The main problem I have with that is that with the way that you build monsters in 3.5 is a sense of entitlement by many (not all, but many) players that if a monster does something, that they can do something as well.
It is a natural human tendency! Humans copy the world around them. Birds can fly so people invented airplanes (hey, now we can fly like birds).
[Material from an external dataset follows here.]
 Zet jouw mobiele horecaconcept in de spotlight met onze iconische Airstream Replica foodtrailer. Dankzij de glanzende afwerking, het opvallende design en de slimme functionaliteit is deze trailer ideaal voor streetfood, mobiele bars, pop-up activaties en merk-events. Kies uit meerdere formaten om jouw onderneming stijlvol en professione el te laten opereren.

Plus hang gliders, kites, helicopters, rockets, hovercraft, blimps, hot air balloons, and (conceptually) flying saucers.
If an animal or
D&D monster can perform a physical act it makes sense for the intelligent races to emulate that capacity through training (martial arts styles taken from "animal" themes like Mantis-style / Crane-style) or magic.
Dungeons & Dragons spells should at least attempt to replicate supernatural powers found in monsters because if we really had magic that is often how we'd get ideas of what spells to "research".
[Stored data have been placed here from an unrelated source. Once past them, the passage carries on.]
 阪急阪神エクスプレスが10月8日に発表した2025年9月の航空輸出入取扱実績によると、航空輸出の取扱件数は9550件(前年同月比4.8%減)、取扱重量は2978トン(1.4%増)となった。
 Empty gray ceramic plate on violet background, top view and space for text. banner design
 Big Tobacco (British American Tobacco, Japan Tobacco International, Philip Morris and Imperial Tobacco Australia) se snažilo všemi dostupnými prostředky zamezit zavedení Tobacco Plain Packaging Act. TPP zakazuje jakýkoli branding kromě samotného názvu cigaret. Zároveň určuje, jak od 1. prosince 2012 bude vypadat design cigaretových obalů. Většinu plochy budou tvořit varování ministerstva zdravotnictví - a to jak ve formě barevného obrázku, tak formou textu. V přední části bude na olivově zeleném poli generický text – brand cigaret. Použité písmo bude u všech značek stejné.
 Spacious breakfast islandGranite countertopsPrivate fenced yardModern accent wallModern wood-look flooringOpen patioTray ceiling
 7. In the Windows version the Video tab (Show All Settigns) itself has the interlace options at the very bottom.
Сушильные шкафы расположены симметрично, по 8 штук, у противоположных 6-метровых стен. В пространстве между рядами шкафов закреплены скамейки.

On the other hand, it's a game design nightmare to make every monster power balanced enough so that PCs can have it. This is the real challenge. Building a system where monsters are easy to make but retroactively make it exciting for PCs that say, "that was cool, I'd like to do that".
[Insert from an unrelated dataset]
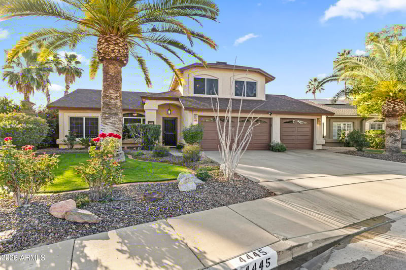 Listing details for 4445 Avenida Del Sol --, Glendale, AZ 85310 : One-of-a-kind stunning home at Pinnacle Peak Crossing. This home does not reflect the year built at all. There were extensive upgrades, plus almost the entire 2nd story was rebuilt in 2019. There is also something you won't find in a home this price - FIVE CAR GARAGE SPACES for you and your toys! There is the original 3-car garage, plus an added 2-car tandem space to house many types of vehicles/boats, etc, or to create a super large workspace and still have room for your everyday vehicles! A list of upgrades is provided...here are a few from the rebuild in 2019: New roof with 2 new Trane AC units; extra foam insulation was added to improve the heating/cooling efficiency; new dual pane windows on all of the 2nd floor; stunning hardwood flooring with upgraded baseboards; travertine border line the arches, entryways, and fireplace. The kitchen has high-quality maple cabinetry and gorgeous quartzite enigma leather countertops imported from Brazil; Santa Fe style wall texture makes everything feel new; lighting, electrical, plumbing; beautifully updated bathroom. The backyard is very private with lovely mature landscaping. The diving pool is sparkling with newer filters and easy maintenance. The owner has lovingly cared for this home for over 26 years. Must come to see even more upgrades and garage space to understand what this feels like, a new home in a wonderful, far north established neighborhood.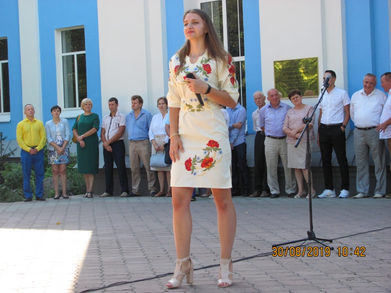 В передостанній день літа на агробіологічному факультеті відбулися урочистості з нагоди посвяти в студенти першокурсників. Захід розпочався гімном. Декан факультету Оксана Тонха представила своїх заступників й завідувачів кафедр і привітала першокурсників, їхніх батьків, науково-педагогічних працівників та гостей зі святом. Декан побажала студентам успіхів у здобутті знань, розвиватися, досягти своєї мети, брати активну участь у житті факультету, адже завдяки студентам факультет здобуває перші місця у спортивних змаганнях та інших культурно-масових заходах.

1. Explicitly create magical powers, that are balanced for PCs, that emulate iconic monster abilities. Either a Vancian spell, a ritual, or an AEDU 4e power.
2. Create magic items that emulate certain iconic monster abilities.
3. Make a point-buy system and assign a point-buy cost to train it, and a mana-cost to activate iconic monster abilities each time the PC uses it.
4. Make a character class (or classes) that emulate iconic monster abilities and build long lists of iconic monster abilities as AEDU or Vancian powers of that class.
5. Have monsters, sometimes or most of the time, use the same powers that are already available to PCs so that it's easier for PCs to get it because it's almost inherently a PC power.